(Collected data)
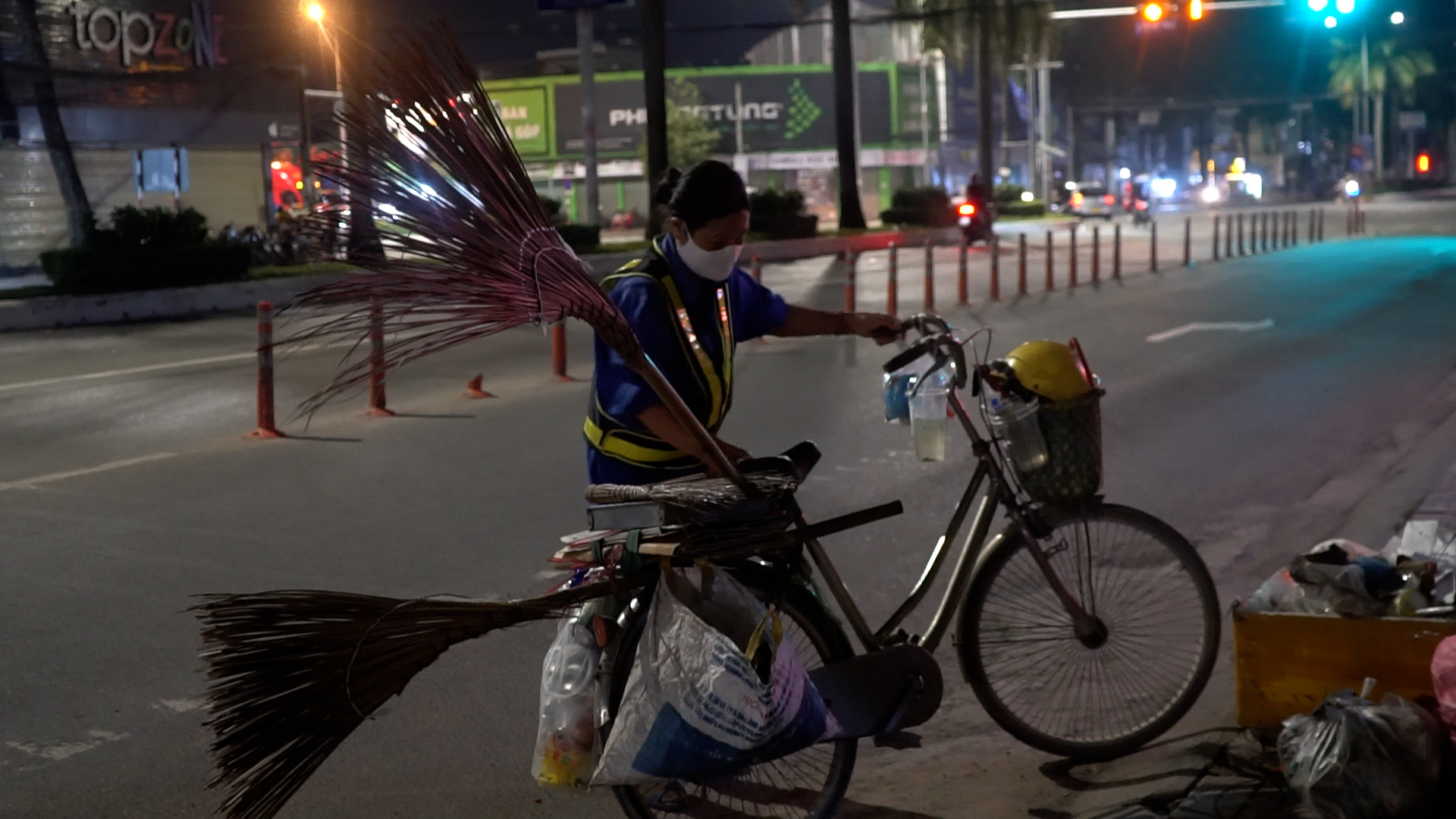 Công nhân môi trường tại Hội An 13 năm đón giao thừa ngoài đường
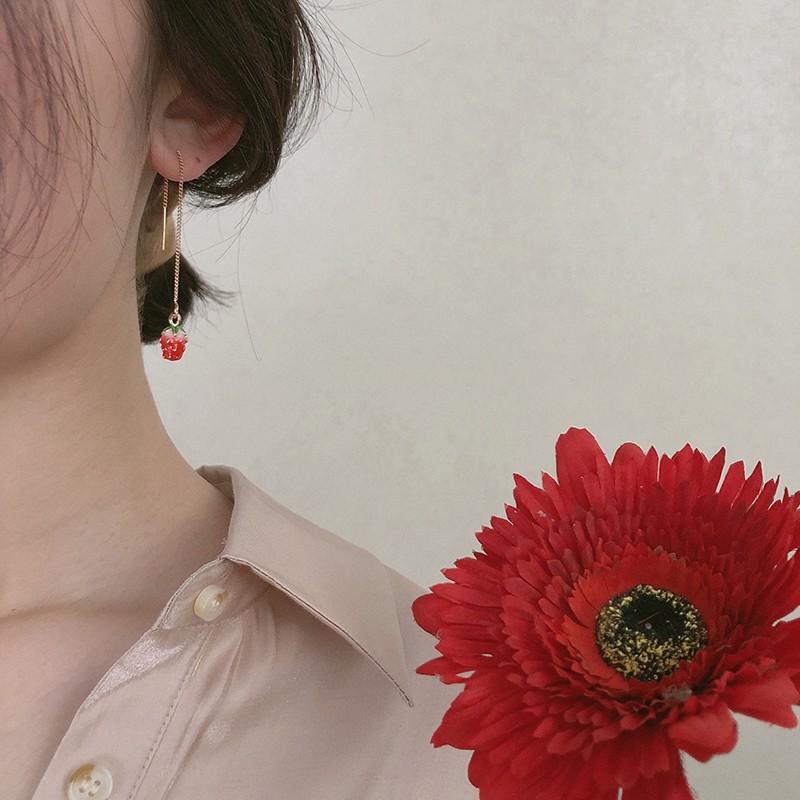Long version of tassel cute strawberry earrings female summer ins fashion all-match thin earrings 2022 new trendy earrings - Taobao
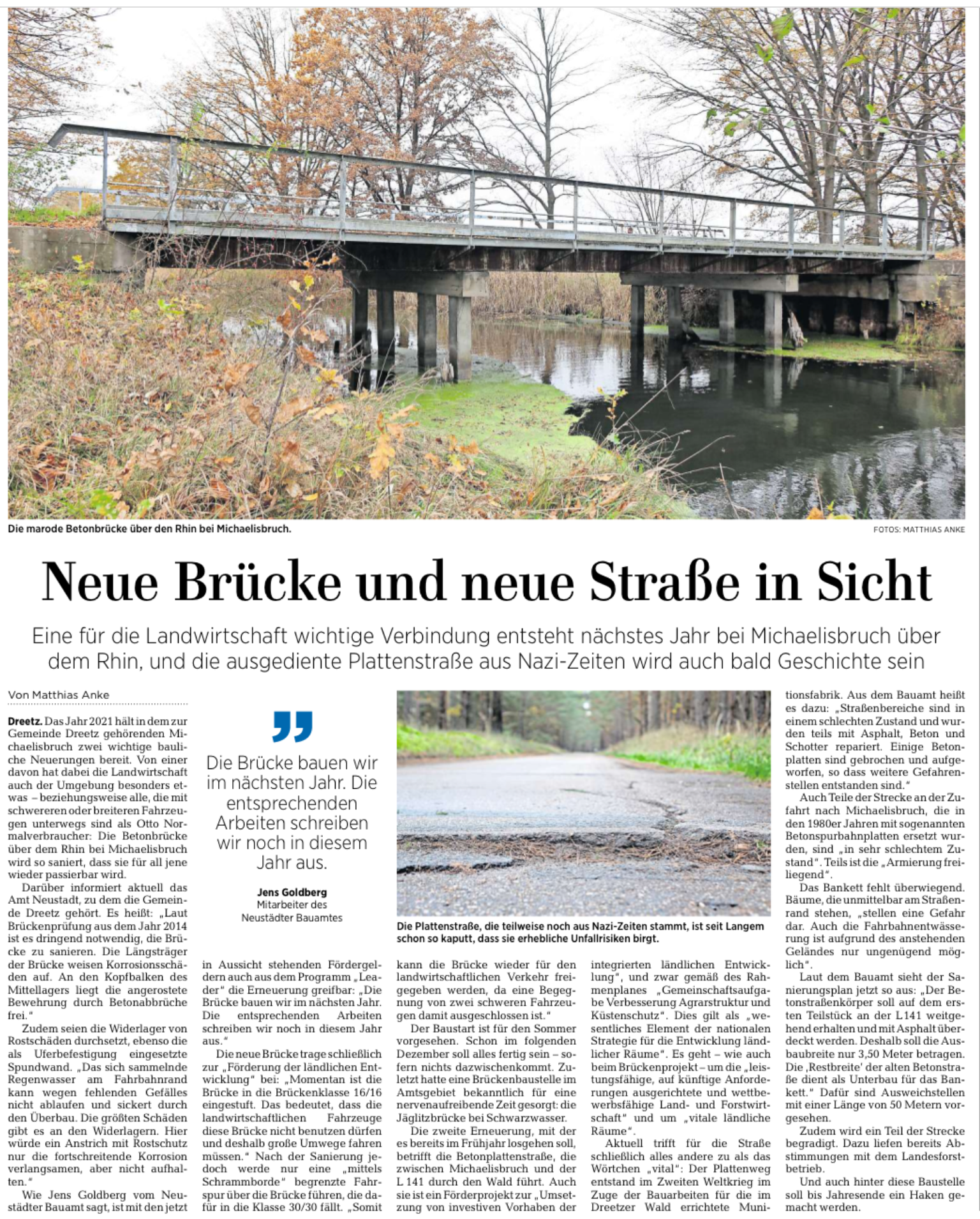20.11.2020: Neue Brücke für Michaelisbruch in Planung
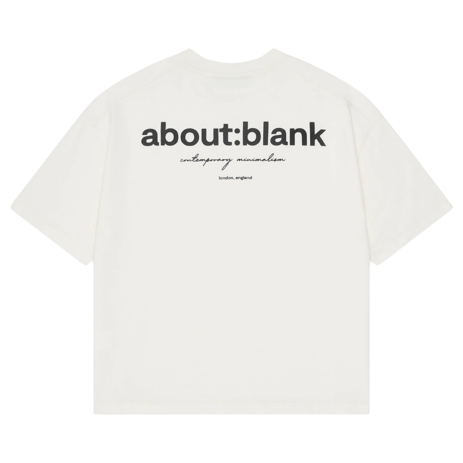 This tee is cut from the brand signature 340gsm cotton jersey to ensure a structural fit. The tee has an oversized silhouette with dropped shoulders and a ribbed crewneck and features about:blank branding in puff print across the back of the shoulders.
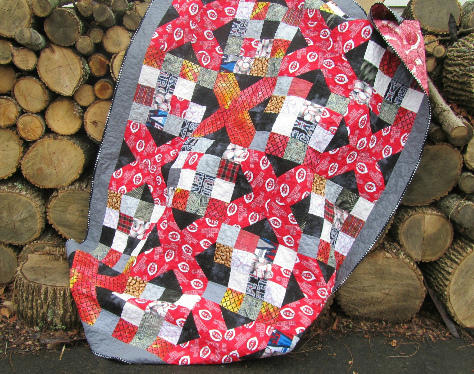 This quilt will stay with me. I was checking out bedding in case some of DS’s friends came home with him, and discovered that I didn’t have a spare twin quilt. Now I do.
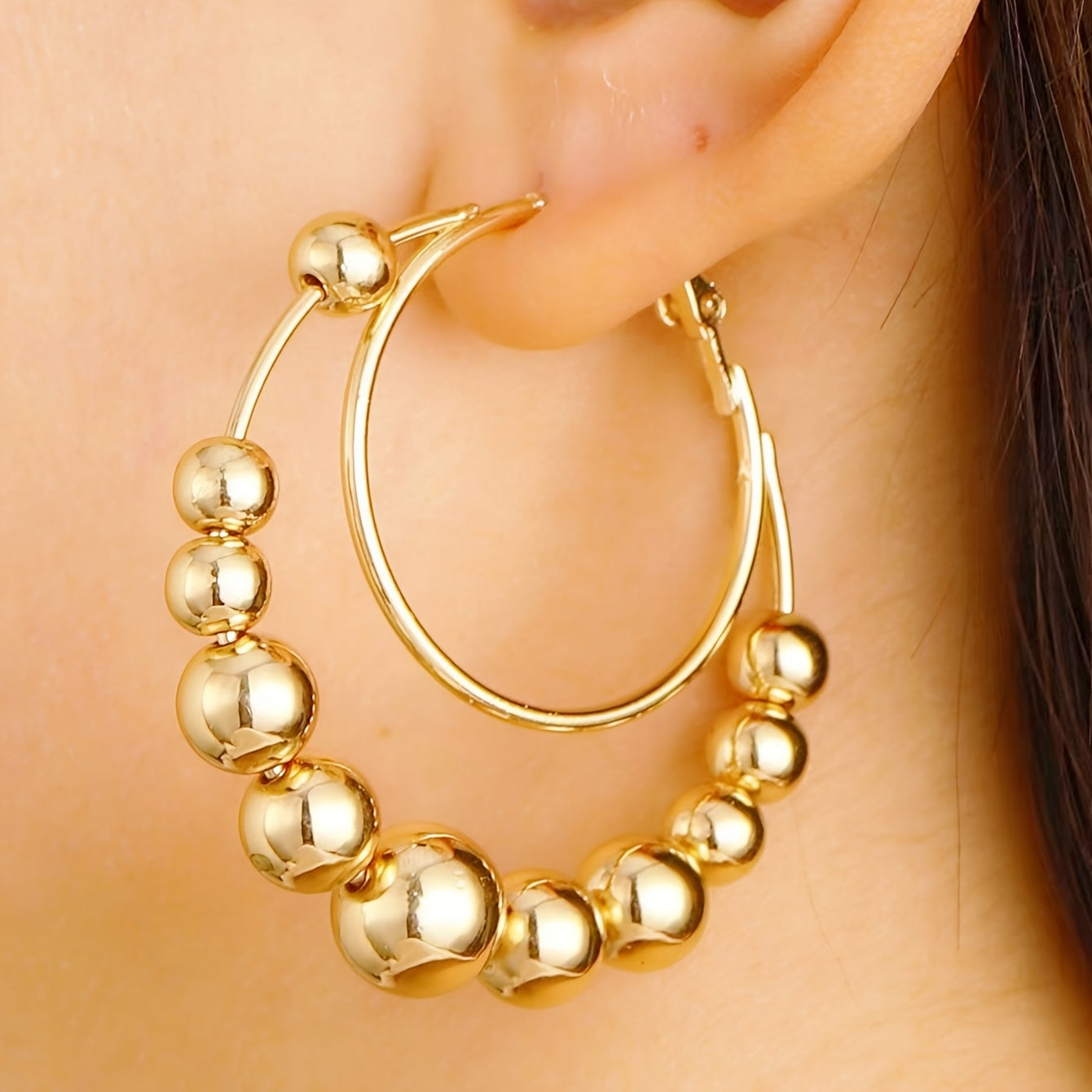 Stylish hoop earrings with iron beads and stainless steel needle. Perfect for daily wear or special celebrations.
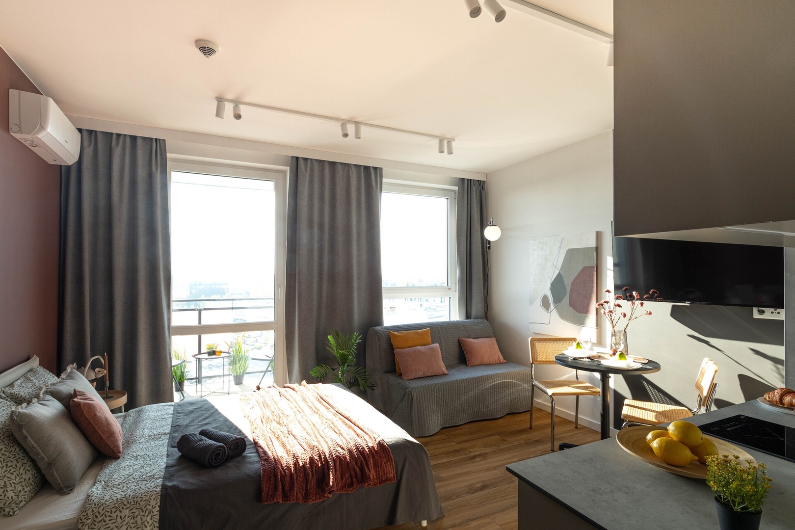 Salon z rozkładaną sofą, łóżkiem dwuosobowym, pościelą, szafką RTV, telewizorem, klimatyzacją, szafą oraz stołem jadalnianym. Aneks kuchenny z płytą indukcyjną, czajnikiem, lodówką z zamrażarką, szklankami, kompletem garnków, sztućcami, patelnią, zmywarką oraz mikrofalówką. Łazienka z prysznicem, toaletą, umywalką, lustrem, suszarką do włosów oraz ręcznikami. Dodatkowe udogodnienia: żelazko z deską do prasowania, suszarka na pranie, brak pralki. Dostępne multimedia: telewizja oraz internet Wi-Fi. Zwierzęta: Zwierzęta są akceptowane. Parkowanie: Bezpłatny parking w pobliżu. Rezerwując nasz apartament, akceptują Państwo nasz regulamin.
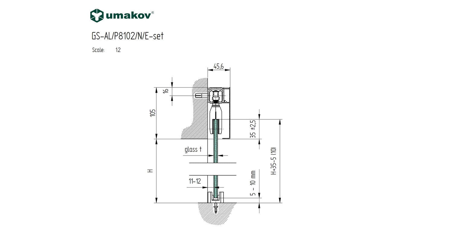 Material: Aluminium, Surface finish: Anodized, Glass t: 8-10, Recommended weight of the wing: max. 80kg, L: 2000, Anchoring: Wall, Self closing mechanism: No, Glass hole: Yes

Work item: Starting with the first line of the data above, write out each line exactly up to and including the line that holds "20.11.2020: Neue Brücke". Pictures stay out.

Solution to the problem:
 Công nhân môi trường tại Hội An 13 năm đón giao thừa ngoài đường
Long version of tassel cute strawberry earrings female summer ins fashion all-match thin earrings 2022 new trendy earrings - Taobao
20.11.2020: Neue Brücke für Michaelisbruch in Planung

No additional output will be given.